## EXERCISE DETAILS
Once the images are set aside, output the listing exactly as it stands.

___

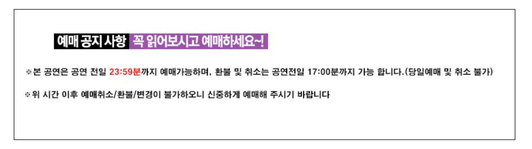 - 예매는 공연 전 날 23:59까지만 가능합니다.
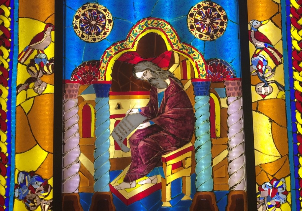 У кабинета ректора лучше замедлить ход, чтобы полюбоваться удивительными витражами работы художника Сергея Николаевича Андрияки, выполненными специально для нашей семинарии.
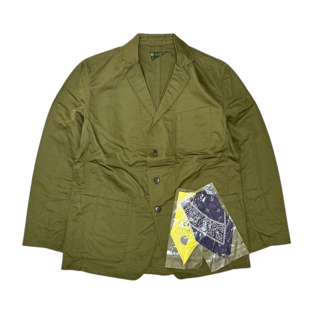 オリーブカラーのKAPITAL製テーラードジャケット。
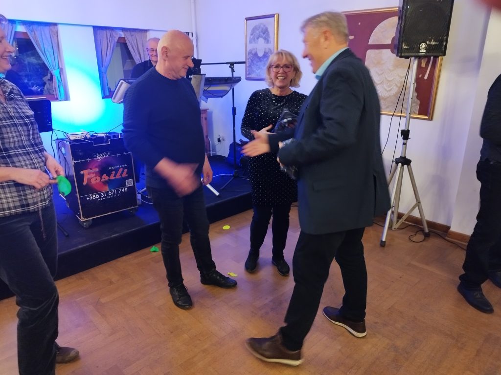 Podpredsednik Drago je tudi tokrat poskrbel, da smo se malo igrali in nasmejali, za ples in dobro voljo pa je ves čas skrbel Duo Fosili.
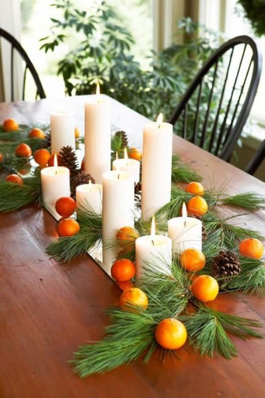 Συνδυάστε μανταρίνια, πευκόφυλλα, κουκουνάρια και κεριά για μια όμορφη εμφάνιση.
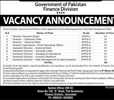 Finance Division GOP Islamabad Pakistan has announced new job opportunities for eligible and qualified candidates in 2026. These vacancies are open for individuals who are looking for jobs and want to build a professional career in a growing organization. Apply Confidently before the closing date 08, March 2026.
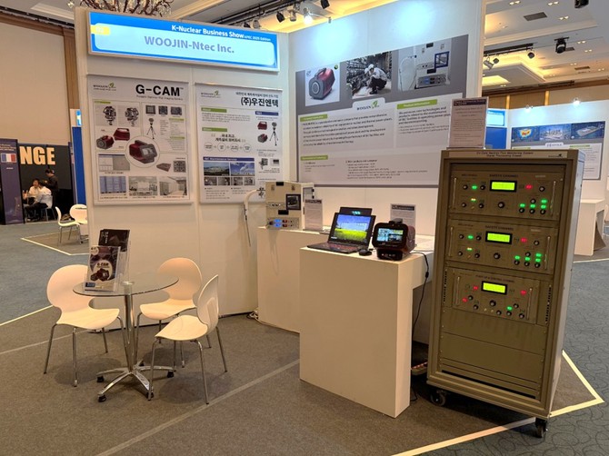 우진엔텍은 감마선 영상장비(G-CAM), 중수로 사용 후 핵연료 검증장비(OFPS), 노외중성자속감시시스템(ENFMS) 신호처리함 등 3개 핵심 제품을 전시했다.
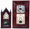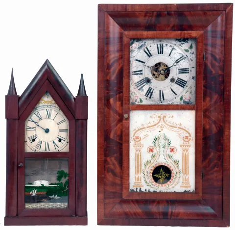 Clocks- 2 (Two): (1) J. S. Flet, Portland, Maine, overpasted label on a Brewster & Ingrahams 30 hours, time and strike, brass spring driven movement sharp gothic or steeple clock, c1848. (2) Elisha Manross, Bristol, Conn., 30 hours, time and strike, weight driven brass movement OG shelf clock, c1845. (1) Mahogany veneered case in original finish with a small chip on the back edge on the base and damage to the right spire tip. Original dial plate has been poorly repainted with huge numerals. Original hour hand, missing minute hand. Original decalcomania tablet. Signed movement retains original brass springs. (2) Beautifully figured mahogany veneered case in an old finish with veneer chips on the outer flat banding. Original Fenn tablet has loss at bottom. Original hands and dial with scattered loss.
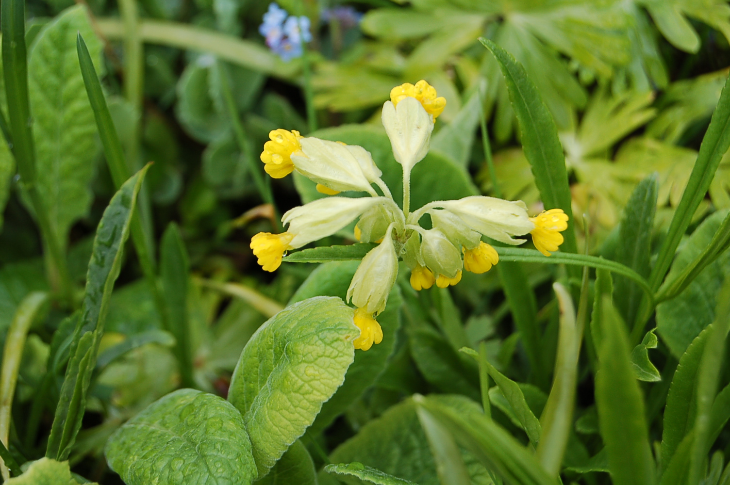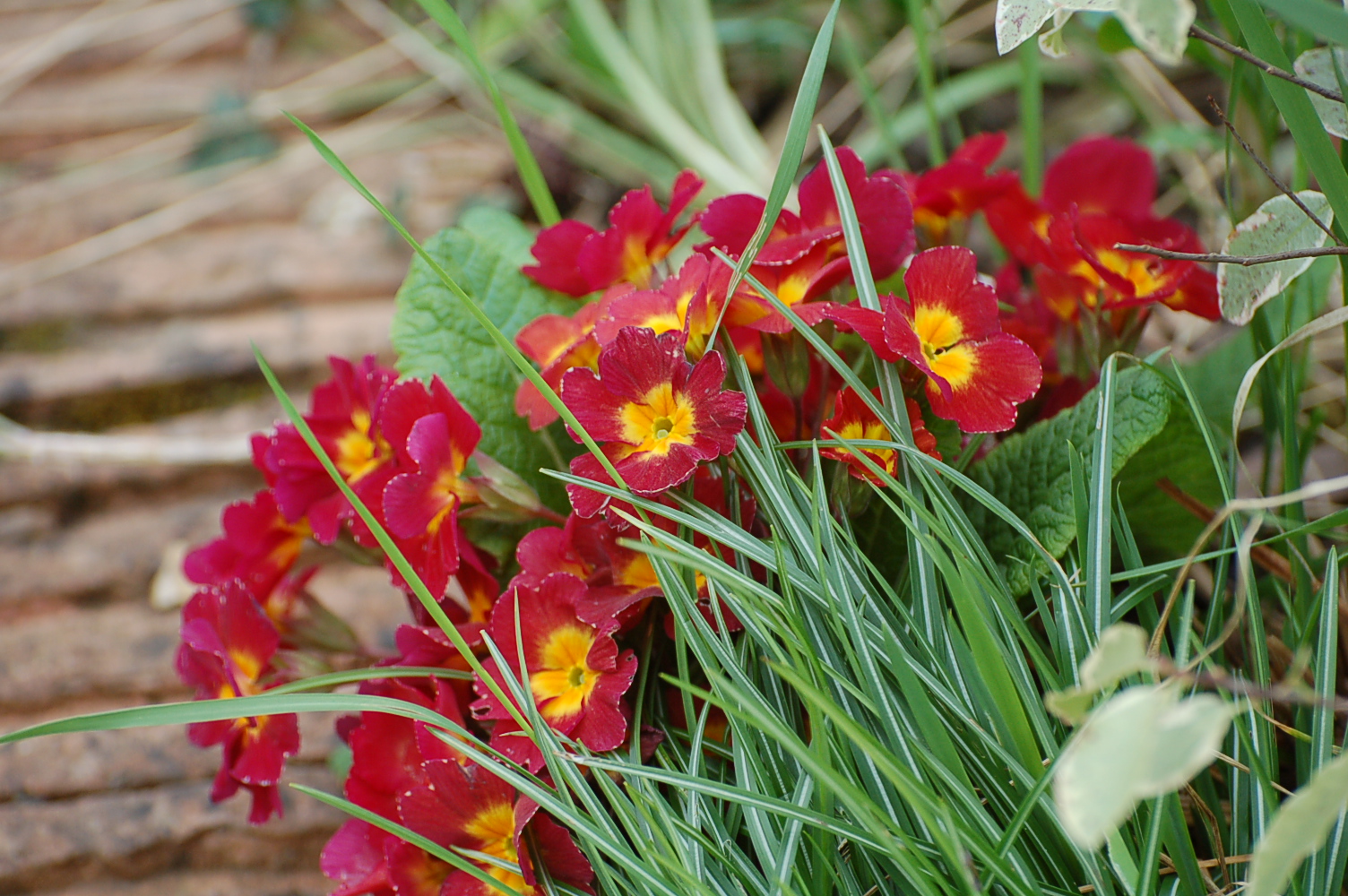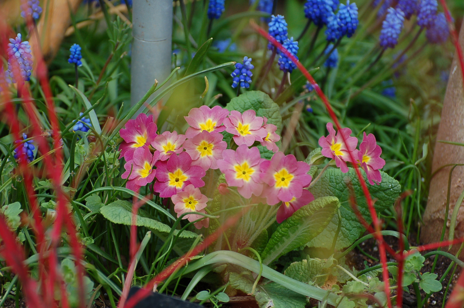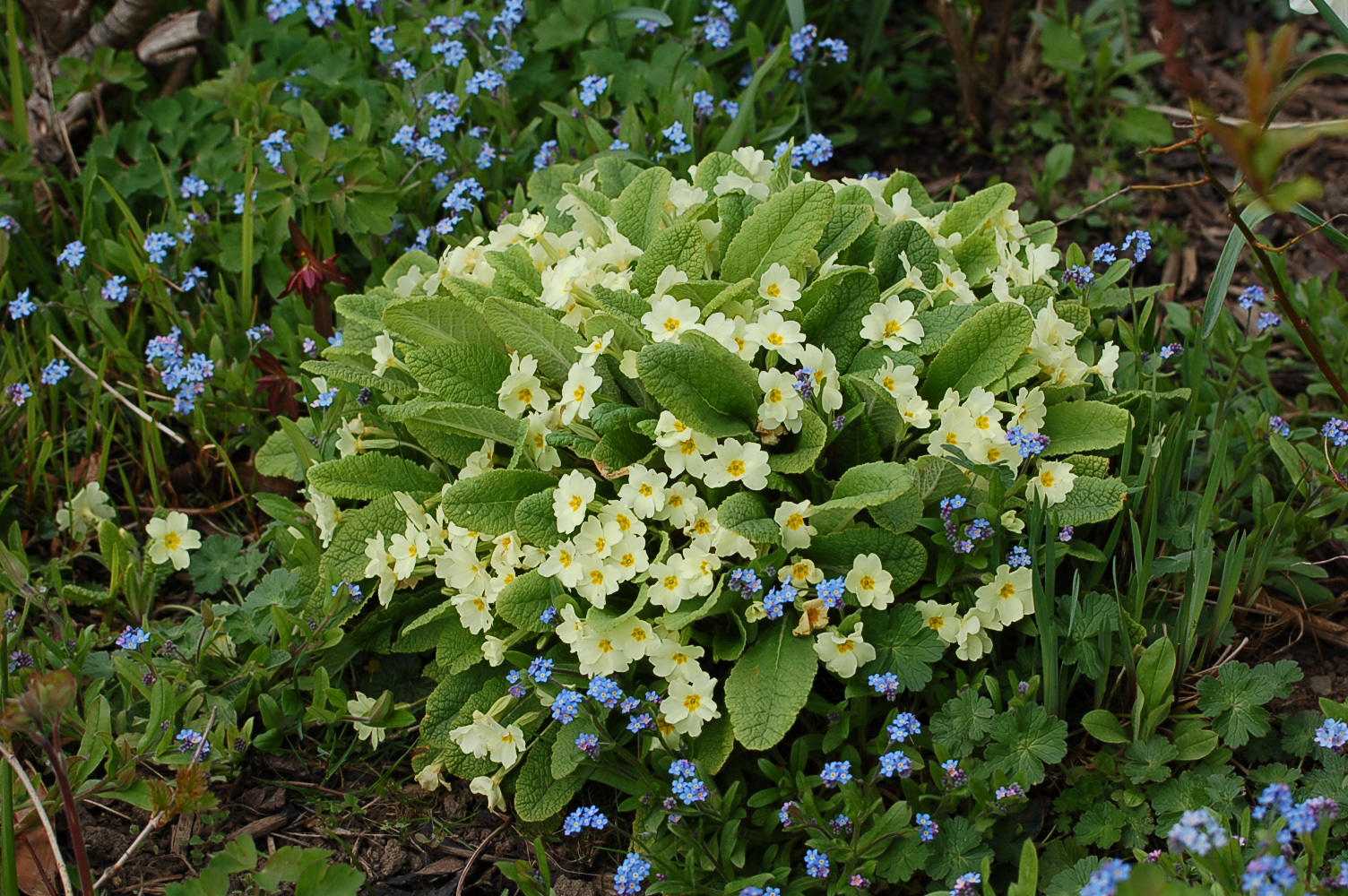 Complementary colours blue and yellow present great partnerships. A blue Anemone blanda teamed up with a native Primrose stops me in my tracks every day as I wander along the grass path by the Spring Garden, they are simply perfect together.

___

## ANSWER TO THIS TASK
 - 예매는 공연 전 날 23:59까지만 가능합니다.
 У кабинета ректора лучше замедлить ход, чтобы полюбоваться удивительными витражами работы художника Сергея Николаевича Андрияки, выполненными специально для нашей семинарии.
 オリーブカラーのKAPITAL製テーラードジャケット。
 Podpredsednik Drago je tudi tokrat poskrbel, da smo se malo igrali in nasmejali, za ples in dobro voljo pa je ves čas skrbel Duo Fosili.
 Συνδυάστε μανταρίνια, πευκόφυλλα, κουκουνάρια και κεριά για μια όμορφη εμφάνιση.
 Finance Division GOP Islamabad Pakistan has announced new job opportunities for eligible and qualified candidates in 2026. These vacancies are open for individuals who are looking for jobs and want to build a professional career in a growing organization. Apply Confidently before the closing date 08, March 2026.
 우진엔텍은 감마선 영상장비(G-CAM), 중수로 사용 후 핵연료 검증장비(OFPS), 노외중성자속감시시스템(ENFMS) 신호처리함 등 3개 핵심 제품을 전시했다.
 Clocks- 2 (Two): (1) J. S. Flet, Portland, Maine, overpasted label on a Brewster & Ingrahams 30 hours, time and strike, brass spring driven movement sharp gothic or steeple clock, c1848. (2) Elisha Manross, Bristol, Conn., 30 hours, time and strike, weight driven brass movement OG shelf clock, c1845. (1) Mahogany veneered case in original finish with a small chip on the back edge on the base and damage to the right spire tip. Original dial plate has been poorly repainted with huge numerals. Original hour hand, missing minute hand. Original decalcomania tablet. Signed movement retains original brass springs. (2) Beautifully figured mahogany veneered case in an old finish with veneer chips on the outer flat banding. Original Fenn tablet has loss at bottom. Original hands and dial with scattered loss.
 Complementary colours blue and yellow present great partnerships. A blue Anemone blanda teamed up with a native Primrose stops me in my tracks every day as I wander along the grass path by the Spring Garden, they are simply perfect together.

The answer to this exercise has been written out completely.